Japan plans to build the world’s fastest supercomputer in a bid to arm the country’s manufacturers with a platform for research that could help them develop and improve driverless cars, robotics and medical diagnostics.
The Japanese Ministry of Economy, Trade and Industry is to spend ¥19.5 billion (US$172.6 million) on the previously unreported project, a budget breakdown shows, as part of a government policy to get Japan’s mojo back in the world of technology.
In a move that is expected to vault Japan to the top of the supercomputing heap, its engineers are to be tasked with building a machine that can make 130 quadrillion calculations per second — or 130 petaflops in scientific parlance — as early as next year, sources involved in the project told reporters.
At that speed, Japan’s computer would be ahead of China’s Sunway TaihuLight, which is capable of 93 petaflops.
“As far as we know, there is nothing out there that is as fast,” said Satoshi Sekiguchi, a director-general at Japan’s National Institute of Advanced Industrial Science and Technology, where the supercomputer is to be built.
The push to return to the vanguard comes at a time of growing nostalgia for the heyday of Japanese technological prowess, which has dwindled since China overtook Japan as the world’s second-biggest economy.
Japanese Prime Minister Shinzo Abe has called for companies, bureaucrats and the political class to work more closely together so Japan can win in robotics, batteries, renewable energy and other new and growing markets.

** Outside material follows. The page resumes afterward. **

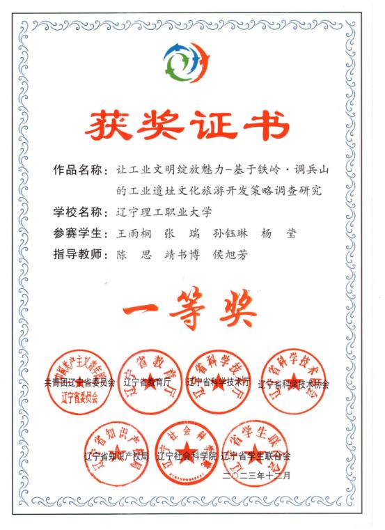 第十六届“挑战杯”辽宁省大学生课外学术科技作品竞赛一等奖证书

In the area of supercomputing, Japan’s aim is to use ultrafast calculations to accelerate advances in artificial intelligence (AI), such as “deep learning” technology that works off algorithms that mimic the human brain’s neural pathways, to help computers perform new tasks and analyze scores of data.
Recent achievements in this area have come from Google DeepMind AI program AlphaGo, which in March beat South Korean professional player Lee Se-dol in the ancient board game of Go.
Applications include helping companies improve driverless vehicles by allowing them to analyze huge troves of visual traffic data, or it could help factories improve automation.
China uses Sunway TaihuLight for weather forecasting, pharmaceutical research and industrial design, among other things.
Japan’s new supercomputer could help tap medical records to develop new services and applications, Sekiguchi said.
The supercomputer is to be made available for a fee to Japan’s corporations, who now outsource data crunching to foreign firms such as Google and Microsoft Corp, Sekiguchi and others involved in the project said.
The new computer has been dubbed ABCI, an acronym for AI Bridging Cloud Infrastructure. Bidding for the project has begun and is to close on Dec. 8.
Fujitsu Ltd, the builder of the fastest Japanese supercomputer to date — Oakforest-PACS, capable of 13.6 petaflops — declined to say if it would bid for the project.